(2x-3)(x^2+5x-3)=2x+10x^2-15x+9

*Is this correct.?

this is a different problem...

Here's how this one works out:

......x^2 + 5x - 3
............2x - 3
==================
...... -3x^2 - 15x + 9
2x^3 + 10x^2 - 6x
======================
2x^3 + 7x^2 - 21x + 9

I hope this will help.

To check if the expression is correct, you can simplify both sides of the equation and see if they are equal.

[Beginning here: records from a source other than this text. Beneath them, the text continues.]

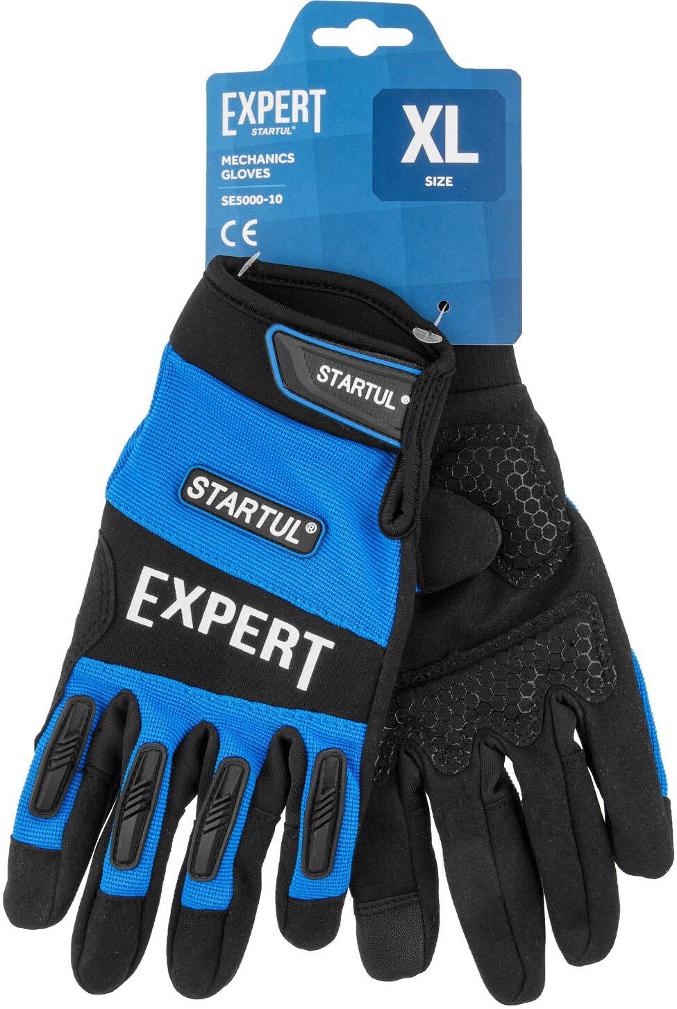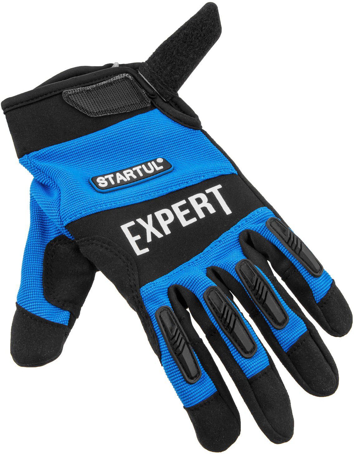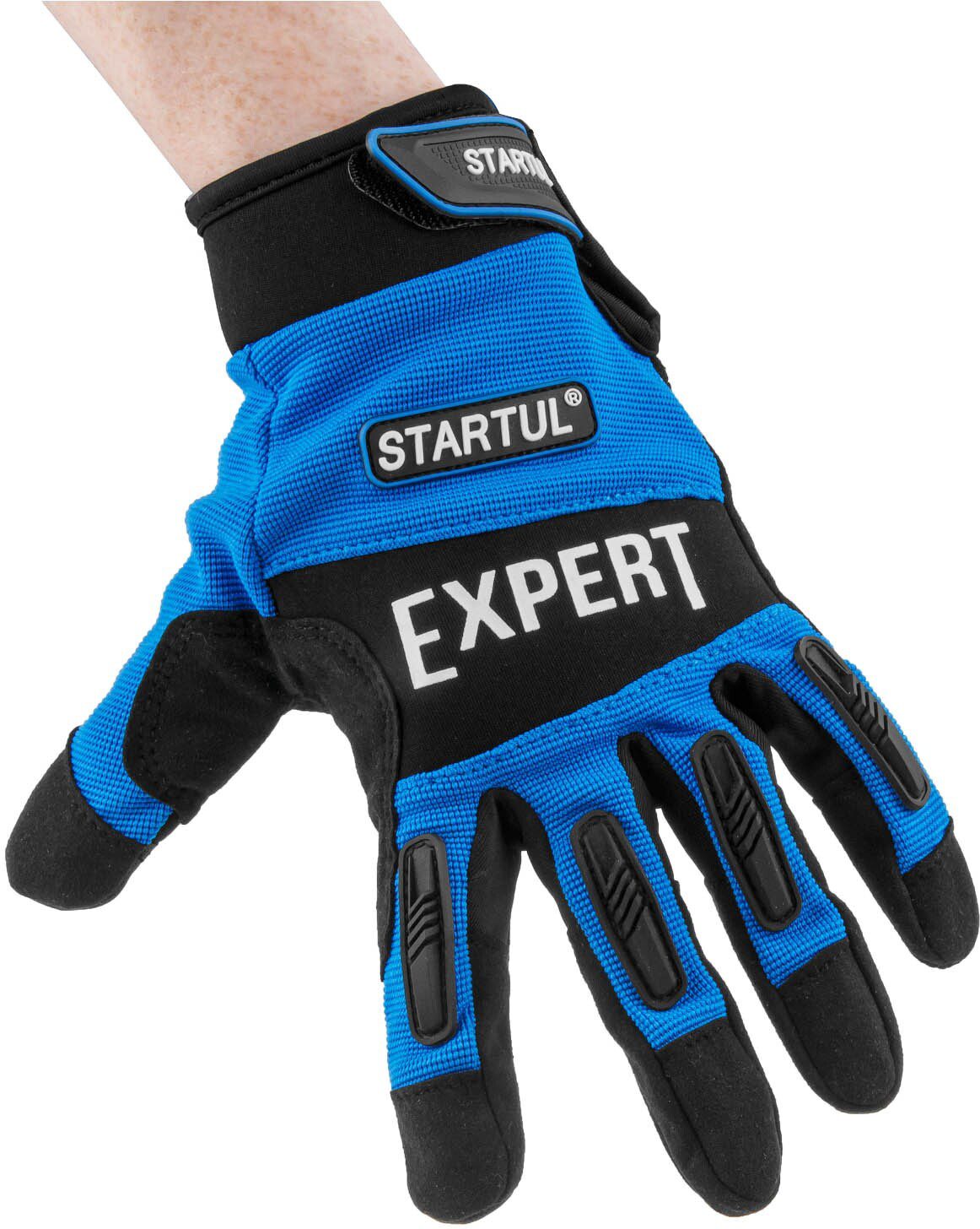 Перчатки для монтажных работ STARTUL Expert размер 10 XL (SE5000-10) — прочные перчатки из качественных и долговечных синтетических материалов. TPR-накладки на пальцах перчатки защищают руку от удара. Воздухопроницаемый материал на тыльной стороне обеспечивает вентиляцию руки. Вставки на ладони снижают воздействие низкочастотных колебаний (вибраций). Сенсорные вставки на кончиках пальцев (большого и указательного) позволяют пользоваться смартфоном, не снимая перчаток. Прочная застежка-напульсник на липучке обеспечивает удобную подгонку и надежную фиксацию перчатки на руке.
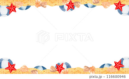 Watercolor horizontal frame with place for text. Beach sand, beach ball on isolated white background
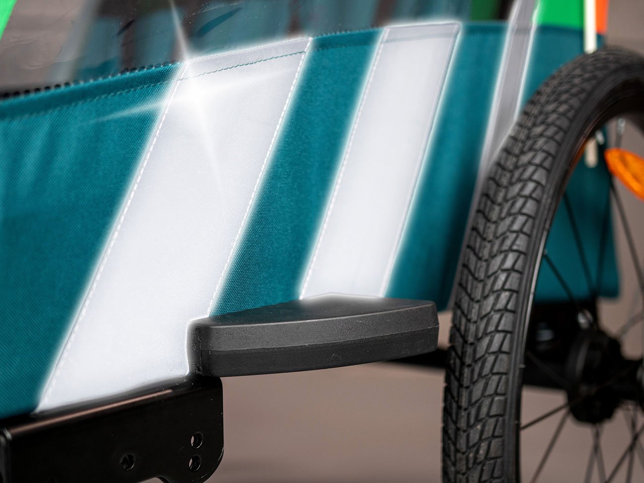 reflective elements around the trolley, coloured warning flag - on a 150 cm long bar, reflectors at the front and rear of the trolley
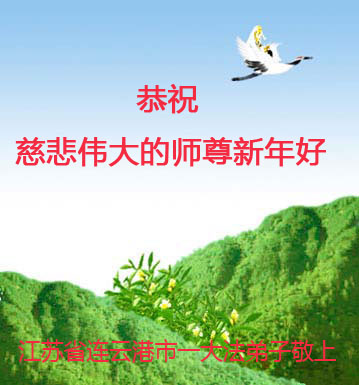 大法洪传,众生之福,法光普照,佛恩浩荡!师尊,您辛苦了!弟子一定不辜负您的期望,抓紧救人不松懈,助师正法更精進,修去最后的人心,用实际行动报答师恩! 江苏省连云港市一大法弟子恭祝慈悲伟大的师尊新年好!

On the left side of the equation, you have the expression (2x-3)(x^2+5x-3). To expand this expression, you can use the distributive property.

(2x-3)(x^2+5x-3) = 2x(x^2+5x-3) - 3(x^2+5x-3)

First, distribute the 2x and -3 to the terms inside the parentheses:

= 2x(x^2) + 2x(5x) + 2x(-3) - 3(x^2) - 3(5x) - 3(-3)
= 2x^3 + 10x^2 - 6x - 3x^2 - 15x + 9

Now, combine like terms:

= 2x^3 + (10x^2 - 3x^2) + (-6x - 15x) + 9
= 2x^3 + 7x^2 - 21x + 9

So, the simplified expression on the left side of the equation is 2x^3 + 7x^2 - 21x + 9.

On the right side of the equation, you have 2x + 10x^2 - 15x + 9. This expression is already simplified.

Now, compare the simplified expressions:

2x^3 + 7x^2 - 21x + 9 = 2x + 10x^2 - 15x + 9

Since both sides of the equation are equal, the expression is correct.